We were there because, as is customary on our summer holidays, we shared the financial burden. I booked accommodation for the first half of the break; my wife booked the second. And so, after five days roughing it, we got back in the car and drove another four hours to the glittering Costa Smeralda and a five-star hotel with spa and private beach. You could see several oligarch-owned super yachts moored in the harbour.

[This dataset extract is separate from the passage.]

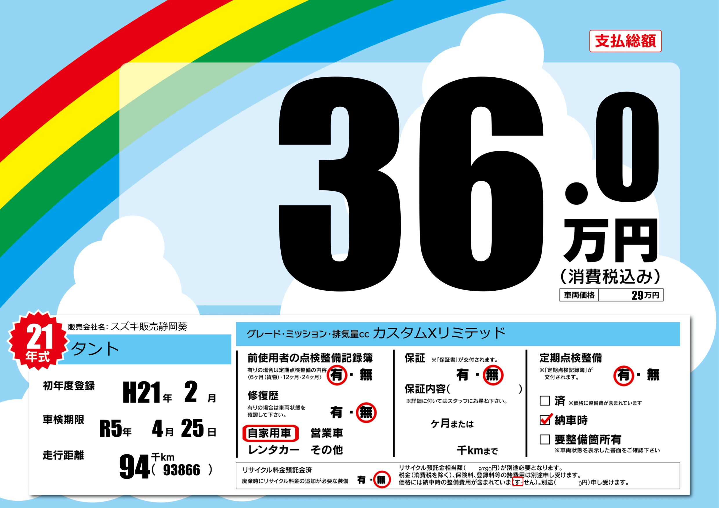 | 定期点検整備 | 定期点検整備あり 納車時あり | ||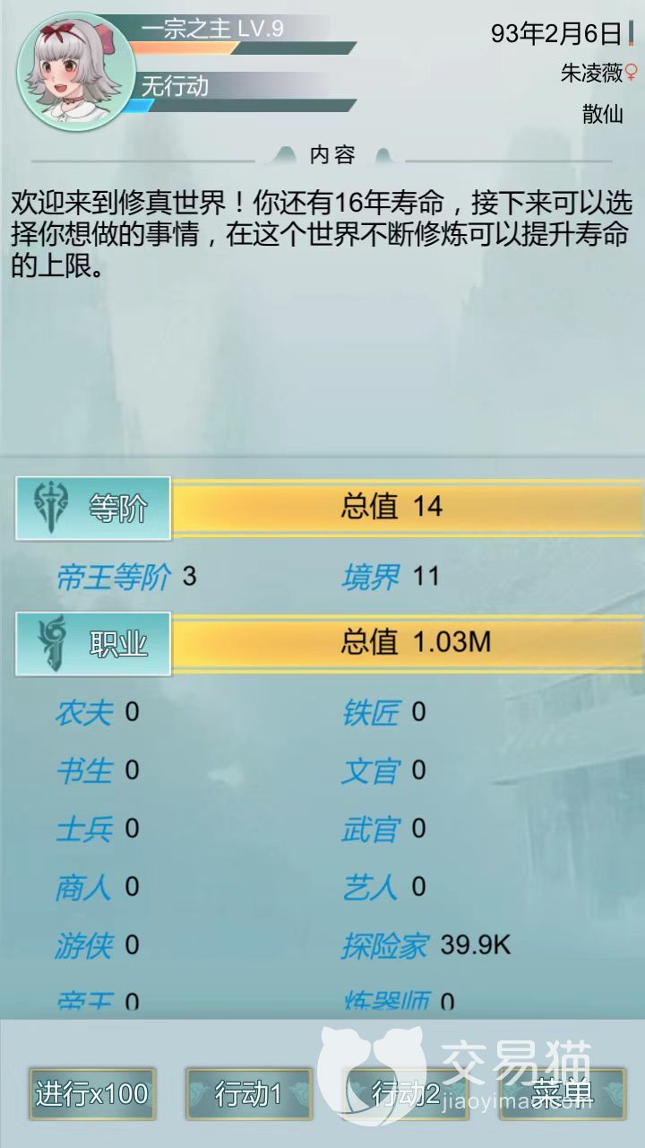 这款游戏里面一共是有20多种职业的,这20多种职业大概就有:农夫、帝王、武官、一宗之主等等。而且游戏里的每一种职业拥有的天赋都是不一样的,每个职业都拥有自己专属的天赋,而且他们每一种职业的天赋都会在开局的时候就随机生成,根本不需要我们担心怎么样去弄他的天赋,最最重要的是个别特殊的职业也会触发不同的事件哦,简直是有趣无比!

The juxtaposition between my poky shack and the air-conditioned luxury and fluffy towels of my wife’s hotel was an allegorical representation of our marriage. While I’m a self-employed creative, she works in the corporate sector, runs her own successful company, employs several staff, has a PA and earns, on average, six times more than I do. She has contracts with multinational companies and travels the world in business class. Meanwhile, I was recently offered work for the publishing equivalent of Uber, picking up small change to write homework for schoolchildren with more disposable income than me. She gives presentations to audiences of up to 1,000; I share a draughty office with the cat.
When it comes to spending, I simply cannot keep up. I tried for a while and it left me nursing painful credit card debts. Instead, as she earns more, a gulf between us grows. It shouldn’t irk me, because she is generous and doesn’t expect me to keep pace, but it does.
I blame my upbringing. I grew up in a traditional household where, like previous generations, the man was the breadwinner. My mother worked part time and her wages were classed as pin money. She was largely kept by my father. Times have, thankfully, changed and I’m fully on board with equality but, in terms of earning power, I’m well below par.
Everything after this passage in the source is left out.